China's government on Thursday criticized pro-democracy lawmakers in Hong Kong for their vote to reject a political reform plan because it lacked a timetable for when the territory can become fully democratic. Beijing's representatives said the vote Wednesday went against public opinion, although tens of thousands of Hong Kongers have marched through the former British colony to demand faster democratic reform.
Beijing's criticism raised fears that its communist leaders will harden their stance on democratic development in the territory, which returned to Chinese rule in 1997.
The Hong Kong and Macao Affairs Office of China's State Council said the vote was "not in line with the mainstream" of public opinion in Hong Kong and that the central government was "unwilling" to see the result.
The government reform proposal had represented "the principle of developing Hong Kong democracy in proper order," the office said, according to the state-run Xinhua News Agency.
Despite lawmakers' calls for Hong Kong to directly elect its leader and legislature, the central government said the territory's political system would remain unchanged at least through 2007, Xinhua reported.
Some analysts and newspapers expressed concerns that Beijing will harden its stance because of its mistrust of opposition lawmakers in Hong Kong.
"Beijing is most unlikely to soften its stance and grant more concessions as a result of the vote. Indeed, there is every chance that the central government's position will harden," the South China Morning Post wrote in an editorial.

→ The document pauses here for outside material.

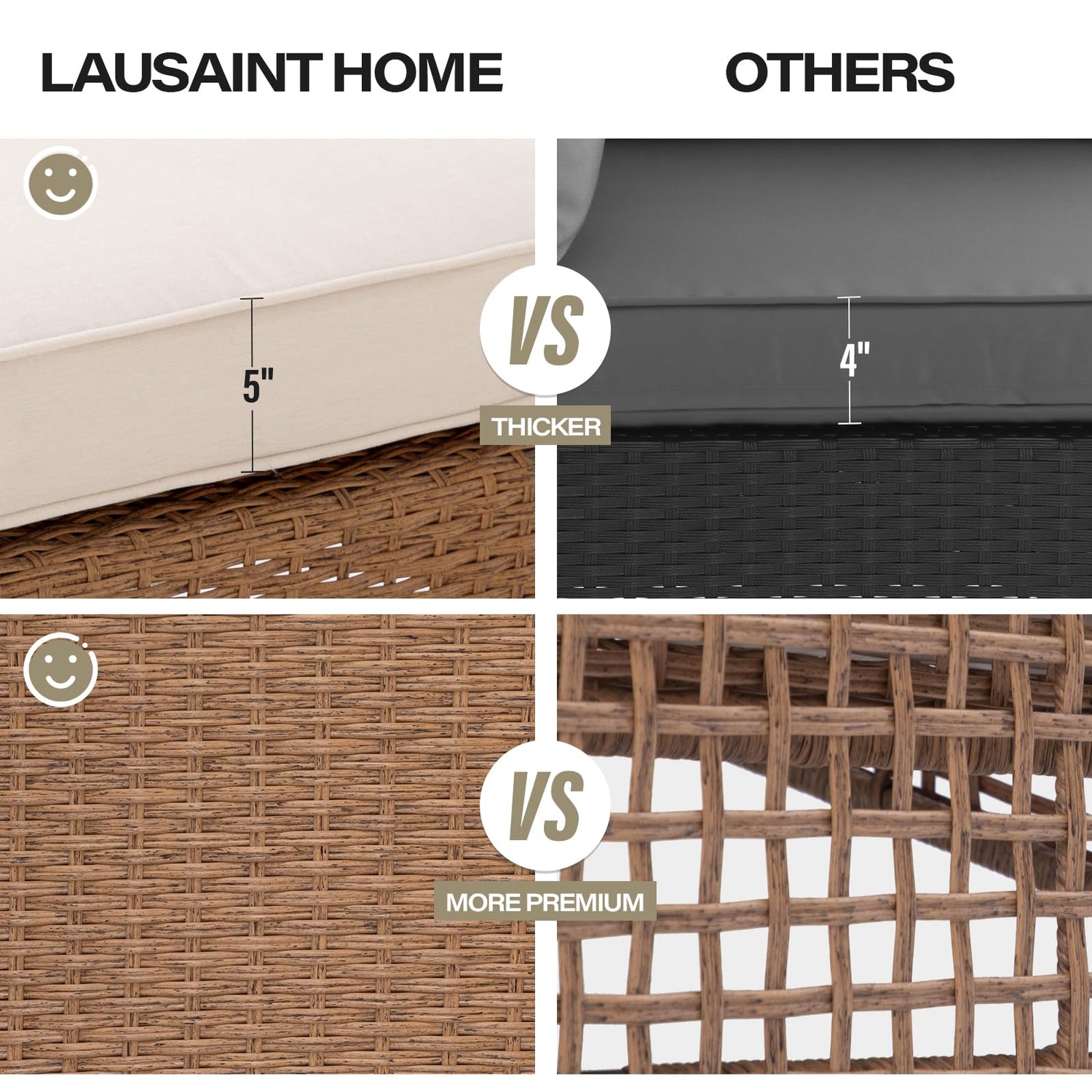 - 【Modern & Modular Design】LAUSAINT HOME Gentle Chic 6-piece modern design outdoor sectional will provide a comfortable space to chat with your friend. It can be separated and arranged in various ways to fit your outdoor space. Fashionable PE rattan and thickened cushions complement almost any home or landscaping theme. Our patio furniture set is suitable for the backyard, patio, and garden.

Earlier Thursday, Hong Kong Chief Executive Donald Tsang said he had no plans to propose new reforms until after a new leader is chosen in 2007, and called on lawmakers to improve their relations with Beijing. "In order to reach universal suffrage, we have to build trust," Tsang said.

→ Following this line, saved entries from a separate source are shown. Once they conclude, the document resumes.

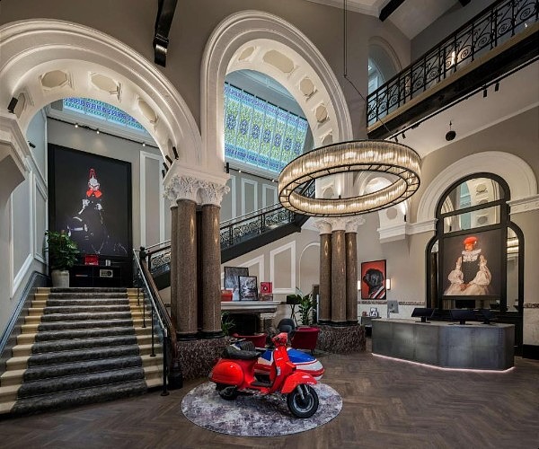 It is instantly evident that this is a very modern, quirky hotel. The design features throughout use contemporary black and white paint with splashes of vibrant red on items such as the Vespa scooter and sidecar and small diving submarine found in the foyer.
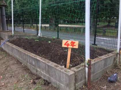 今日はみなさんが下校した後に,ゴーヤ(ツルレイシ)を育てるために畑をきれいにしました。他の学年の先生達も「いっしょにやりますよ!」と手伝ってくださいました。これから1年間しっかりと成長を見守っていきましょうね!
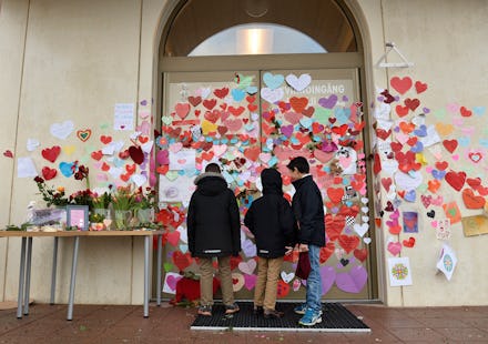 As reported by the Independent, thousands of Swedes gathered to condemn the attacks across the country under the banner "Don't touch my mosque" after the spate of anti-Muslim attacks, which included the scrawling of "Go home Muslim shit" in graffiti across the edifice of an Uppsala mosque wall, which had been targeted with a failed Molotov cocktail the night before. In response, hundreds of Uppsalans pasted cut-out hearts and messages of love onto the mosque's entrance before Friday prayers.

Hong Kong's No. 2 official Rafael Hui attacked opposition figure Martin Lee and Catholic Church leader Bishop Joseph Zen for urging lawmakers to reject the reforms and said they should bear the consequence.

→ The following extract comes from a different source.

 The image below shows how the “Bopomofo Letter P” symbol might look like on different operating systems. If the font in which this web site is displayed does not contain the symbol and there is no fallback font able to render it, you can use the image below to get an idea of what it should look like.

Major newspapers blamed the government for proposing only cosmetic democratic reforms and the opposition for blocking any limited progress.
The Post said the government could have proposed more significant changes within the restrictions set by Beijing. "Instead, it put forward proposals which would make only minimal progress. Officials were naive to think that this package would be readily welcomed by the democrats," the paper wrote.
The Hong Kong Economic Journal said in an editorial that "a political reform package that makes a minor step on the road to democracy" is better than nothing but that it was vetoed by "the pro-democracy camp that claims they fight for democracy."
Since returning to China, Hong Kong has been run under a "one country, two systems" formula that gives the city considerable autonomy and allows its citizens to enjoy civil liberties denied on the mainland.
But Beijing has balked at allowing full democracy, though it has said universal suffrage is a long-term goal. The government's proposed changes called for expanding the legislature by 10 seats and doubling the size of an 800-member committee of elites who pick Hong Kong's leader.
The opposition camp, which holds 25 seats in the legislature, managed to veto the proposal. It required support from two-thirds, or 40, of the 60 lawmakers, but drew only 34 votes, reports the AP. I.L.